### Your task:
Down to the last line, print the data that follows exactly, without its pictures.

### Records for the task:
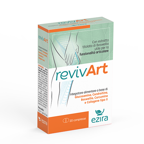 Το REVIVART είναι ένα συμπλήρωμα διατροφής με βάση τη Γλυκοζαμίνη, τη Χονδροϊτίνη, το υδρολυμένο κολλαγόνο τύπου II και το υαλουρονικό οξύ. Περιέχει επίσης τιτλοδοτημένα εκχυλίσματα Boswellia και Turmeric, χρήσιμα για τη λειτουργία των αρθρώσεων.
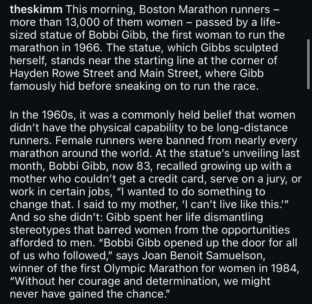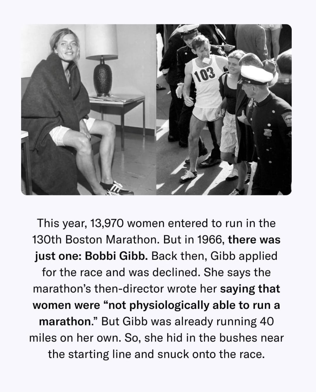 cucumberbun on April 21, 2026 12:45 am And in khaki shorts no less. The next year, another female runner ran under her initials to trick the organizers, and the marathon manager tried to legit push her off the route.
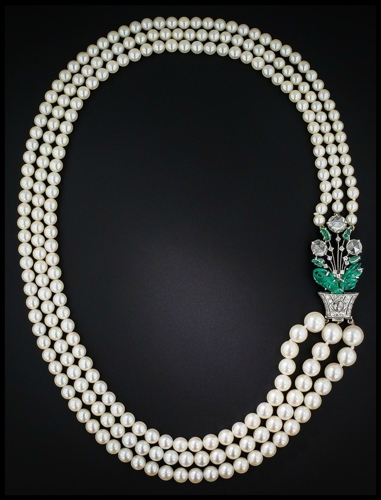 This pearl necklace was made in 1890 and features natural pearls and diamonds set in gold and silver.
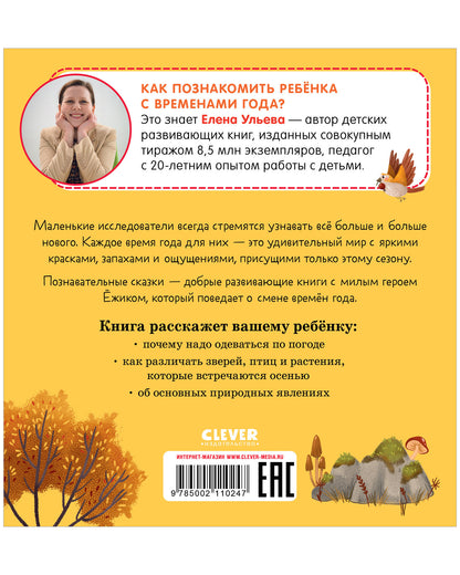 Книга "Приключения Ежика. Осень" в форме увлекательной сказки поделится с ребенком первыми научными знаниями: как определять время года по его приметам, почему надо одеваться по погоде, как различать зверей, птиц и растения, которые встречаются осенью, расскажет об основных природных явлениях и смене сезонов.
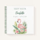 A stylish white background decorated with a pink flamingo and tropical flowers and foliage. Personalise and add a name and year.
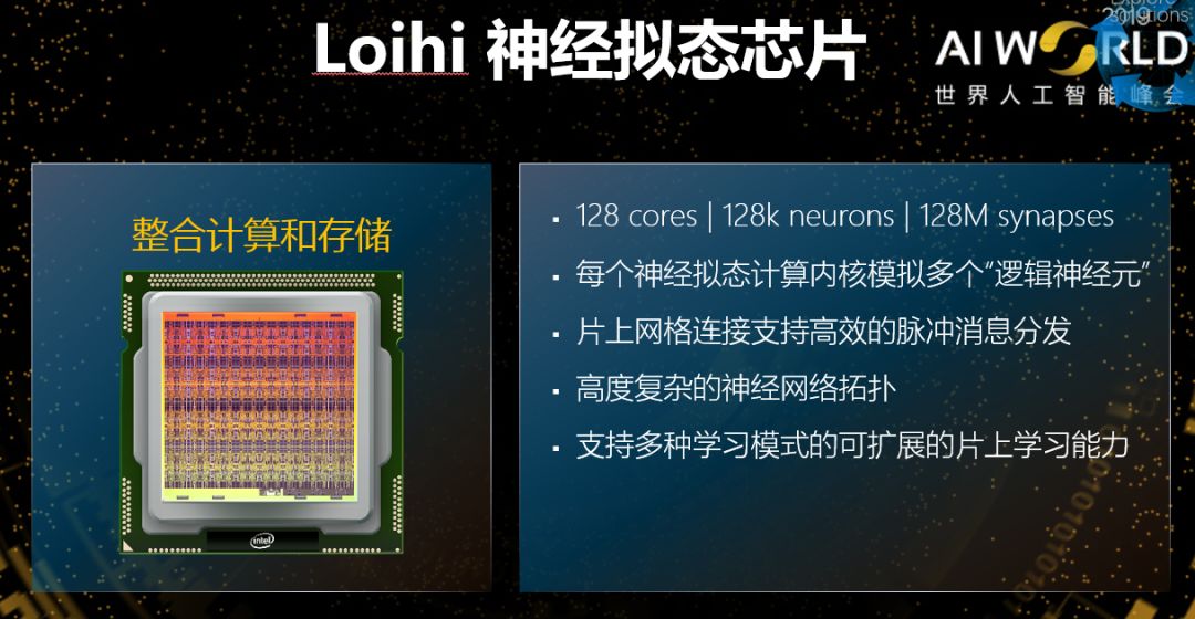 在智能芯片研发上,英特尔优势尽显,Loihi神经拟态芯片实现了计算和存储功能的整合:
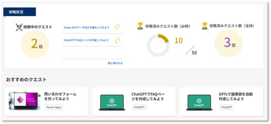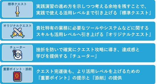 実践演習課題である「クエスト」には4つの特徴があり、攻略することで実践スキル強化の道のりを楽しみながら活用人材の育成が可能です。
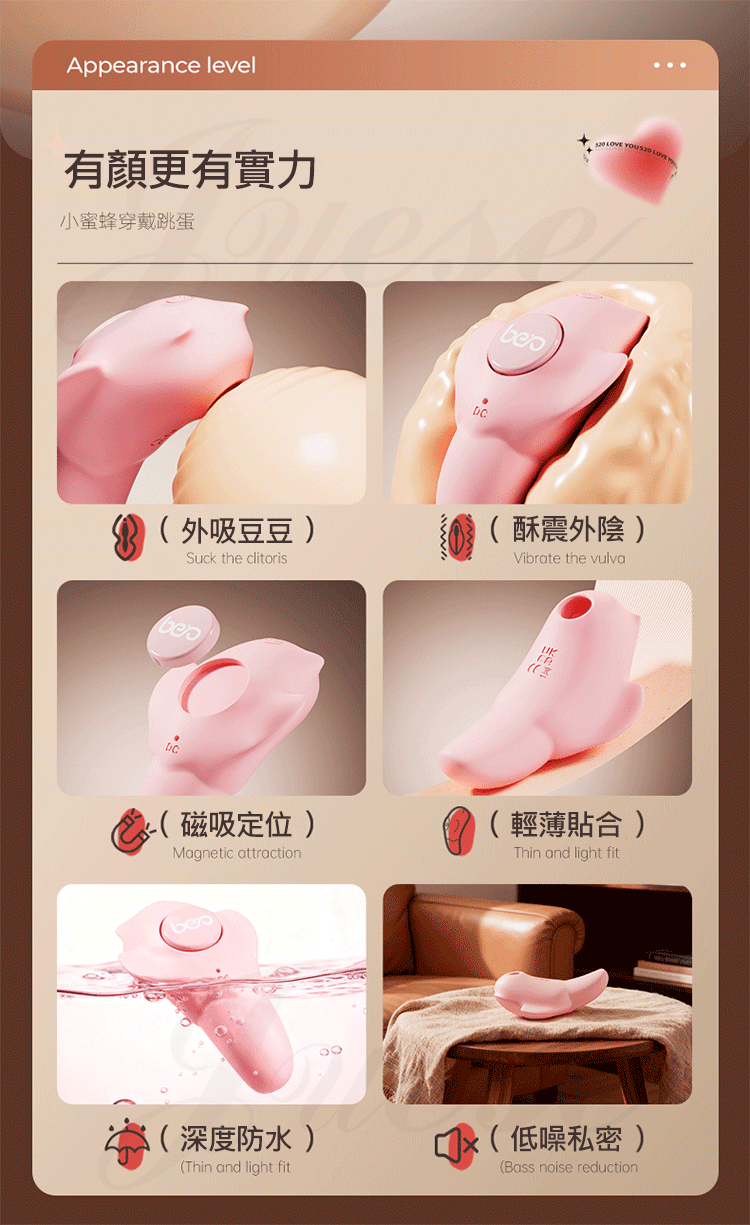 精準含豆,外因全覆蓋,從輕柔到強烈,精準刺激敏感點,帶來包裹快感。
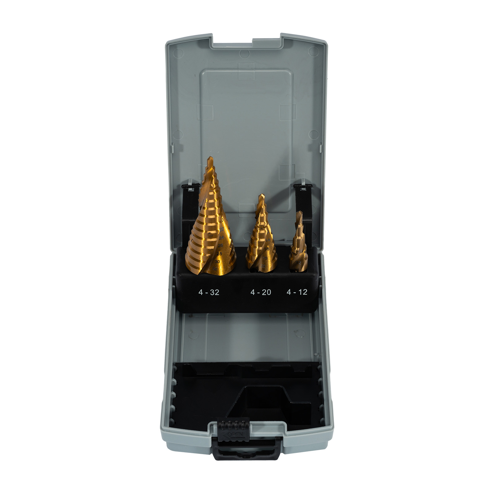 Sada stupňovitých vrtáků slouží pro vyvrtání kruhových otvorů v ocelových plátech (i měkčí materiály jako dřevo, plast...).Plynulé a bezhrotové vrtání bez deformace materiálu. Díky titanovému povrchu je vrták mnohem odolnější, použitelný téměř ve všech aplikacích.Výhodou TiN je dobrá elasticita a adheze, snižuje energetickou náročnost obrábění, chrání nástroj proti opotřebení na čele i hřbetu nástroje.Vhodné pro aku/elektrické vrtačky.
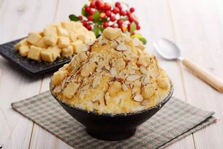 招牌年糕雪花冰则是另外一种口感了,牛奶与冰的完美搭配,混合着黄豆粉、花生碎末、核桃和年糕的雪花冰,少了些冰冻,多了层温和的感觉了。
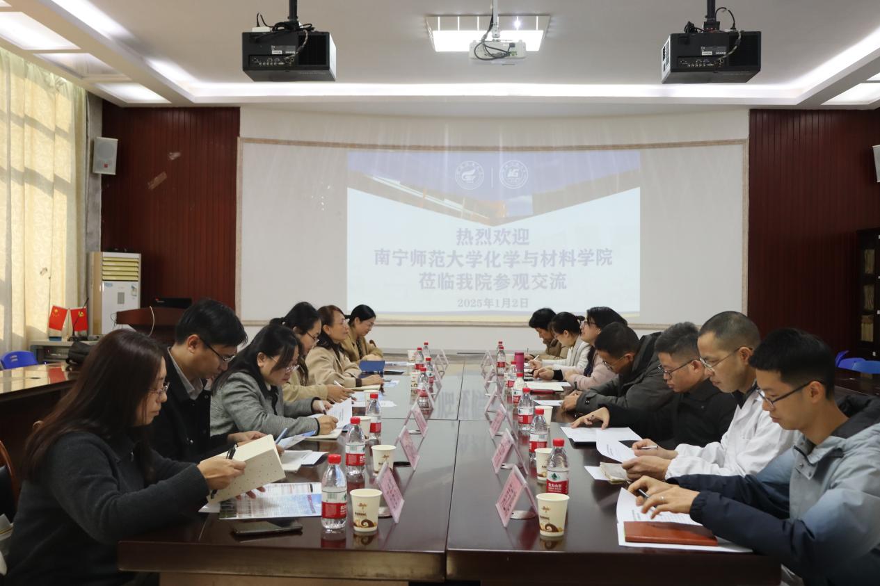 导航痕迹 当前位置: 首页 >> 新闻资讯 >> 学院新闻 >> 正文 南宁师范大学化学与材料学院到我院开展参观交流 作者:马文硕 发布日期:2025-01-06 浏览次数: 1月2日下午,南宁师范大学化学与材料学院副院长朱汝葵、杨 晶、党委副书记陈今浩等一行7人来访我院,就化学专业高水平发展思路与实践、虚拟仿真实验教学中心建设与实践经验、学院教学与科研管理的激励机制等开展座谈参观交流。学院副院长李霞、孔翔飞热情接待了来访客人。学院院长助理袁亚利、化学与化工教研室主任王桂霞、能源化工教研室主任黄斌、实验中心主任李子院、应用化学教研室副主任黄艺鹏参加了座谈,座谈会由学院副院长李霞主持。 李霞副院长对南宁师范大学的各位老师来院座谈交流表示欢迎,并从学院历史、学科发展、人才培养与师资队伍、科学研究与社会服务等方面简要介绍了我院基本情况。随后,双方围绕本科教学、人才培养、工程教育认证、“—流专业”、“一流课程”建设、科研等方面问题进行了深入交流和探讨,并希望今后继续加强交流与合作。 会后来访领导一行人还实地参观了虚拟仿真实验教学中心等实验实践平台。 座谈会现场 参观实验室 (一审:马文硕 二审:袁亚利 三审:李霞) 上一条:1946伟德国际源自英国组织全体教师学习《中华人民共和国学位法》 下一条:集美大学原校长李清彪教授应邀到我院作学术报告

### Answer box:
 Το REVIVART είναι ένα συμπλήρωμα διατροφής με βάση τη Γλυκοζαμίνη, τη Χονδροϊτίνη, το υδρολυμένο κολλαγόνο τύπου II και το υαλουρονικό οξύ. Περιέχει επίσης τιτλοδοτημένα εκχυλίσματα Boswellia και Turmeric, χρήσιμα για τη λειτουργία των αρθρώσεων.
 cucumberbun on April 21, 2026 12:45 am And in khaki shorts no less. The next year, another female runner ran under her initials to trick the organizers, and the marathon manager tried to legit push her off the route.
 This pearl necklace was made in 1890 and features natural pearls and diamonds set in gold and silver.
 Книга "Приключения Ежика. Осень" в форме увлекательной сказки поделится с ребенком первыми научными знаниями: как определять время года по его приметам, почему надо одеваться по погоде, как различать зверей, птиц и растения, которые встречаются осенью, расскажет об основных природных явлениях и смене сезонов.
 A stylish white background decorated with a pink flamingo and tropical flowers and foliage. Personalise and add a name and year.
 在智能芯片研发上,英特尔优势尽显,Loihi神经拟态芯片实现了计算和存储功能的整合:
 実践演習課題である「クエスト」には4つの特徴があり、攻略することで実践スキル強化の道のりを楽しみながら活用人材の育成が可能です。
 精準含豆,外因全覆蓋,從輕柔到強烈,精準刺激敏感點,帶來包裹快感。
 Sada stupňovitých vrtáků slouží pro vyvrtání kruhových otvorů v ocelových plátech (i měkčí materiály jako dřevo, plast...).Plynulé a bezhrotové vrtání bez deformace materiálu. Díky titanovému povrchu je vrták mnohem odolnější, použitelný téměř ve všech aplikacích.Výhodou TiN je dobrá elasticita a adheze, snižuje energetickou náročnost obrábění, chrání nástroj proti opotřebení na čele i hřbetu nástroje.Vhodné pro aku/elektrické vrtačky.
 招牌年糕雪花冰则是另外一种口感了,牛奶与冰的完美搭配,混合着黄豆粉、花生碎末、核桃和年糕的雪花冰,少了些冰冻,多了层温和的感觉了。
 导航痕迹 当前位置: 首页 >> 新闻资讯 >> 学院新闻 >> 正文 南宁师范大学化学与材料学院到我院开展参观交流 作者:马文硕 发布日期:2025-01-06 浏览次数: 1月2日下午,南宁师范大学化学与材料学院副院长朱汝葵、杨 晶、党委副书记陈今浩等一行7人来访我院,就化学专业高水平发展思路与实践、虚拟仿真实验教学中心建设与实践经验、学院教学与科研管理的激励机制等开展座谈参观交流。学院副院长李霞、孔翔飞热情接待了来访客人。学院院长助理袁亚利、化学与化工教研室主任王桂霞、能源化工教研室主任黄斌、实验中心主任李子院、应用化学教研室副主任黄艺鹏参加了座谈,座谈会由学院副院长李霞主持。 李霞副院长对南宁师范大学的各位老师来院座谈交流表示欢迎,并从学院历史、学科发展、人才培养与师资队伍、科学研究与社会服务等方面简要介绍了我院基本情况。随后,双方围绕本科教学、人才培养、工程教育认证、“—流专业”、“一流课程”建设、科研等方面问题进行了深入交流和探讨,并希望今后继续加强交流与合作。 会后来访领导一行人还实地参观了虚拟仿真实验教学中心等实验实践平台。 座谈会现场 参观实验室 (一审:马文硕 二审:袁亚利 三审:李霞) 上一条:1946伟德国际源自英国组织全体教师学习《中华人民共和国学位法》 下一条:集美大学原校长李清彪教授应邀到我院作学术报告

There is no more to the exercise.